One major part of the culture is the approach to mentoring. Not content with just professional training, the ODI wants all employees to have access to a mentor outside the company, to help develop people in ways that they need, not necessarily in ways that obviously benefit the organisation.

I’ve always felt that I drifted through my professional life in a kind of random walk, without much of a plan. Admittedly, working at the ODI brings together so much of what I’ve done over the years that it might look intentional, but it’s really just another convenient accident. However, at 37, perhaps it’s time to start trying to steer a little. Maybe it’s time to get an answer to the classic interview question “where do you see yourself in five years’ time?”. Because the ODI is about building a movement, a community, it’s OK if the answer to the question is “not here”. People leaving the ODI and starting their own businesses is a Good Thing in a way it wouldn’t be anywhere else.

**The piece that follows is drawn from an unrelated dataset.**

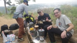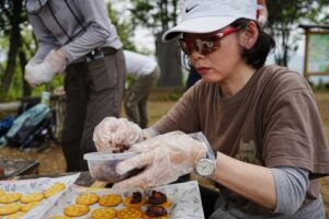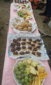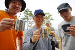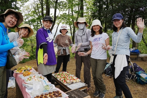 ■最終目的地/龍崖山264mで山カフェ 通過ハイカ「おおお・豪華なランチ」の歓声 ワインあり

So, where do I want to be? Well, barring career discontinuities, I reckon I should be CTOing somewhere that’s making a difference to the things I care about, somewhere in the openness, transparency, democracy, environmental impact sort of area, rather than day-to-day hacking. Maybe that’s still the ODI, but if so I should look to be doing more of the strategic stuff by then.

Problem is, I don’t know what’s missing in order for me to get there. Technically, I can do anything I can turn my hand to, but I know there are deeper mysteries that I know nothing about, but that are important in the wider context of a CTO type role.

The mentoring program is a perfect framework to start thinking about this. I’ve been lucky enough find a mentor who has gone through the transition from pure hacker to something a bit more strategic in the shape of Francis Irving, ex of MySociety and now CEO of ScraperWiki. We share many of our ideals, and I hope I can learn a lot from someone who is a little further down the path than me.

Neither of us really know how this process will work, but we’re starting with a bit of set reading (The Innovator’s Dilemma by Clayton M. Christensen) and seeing how it evolves. As we go along, I’m going to try to share my thoughts and learning in public, partly as a way of marshalling my own thoughts, and partly as a way to pay Francis’ generosity forward to others.

It will be an adventure, and hopefully I will come out of it with a better understanding both of myself, and my role in the better future I hope to build.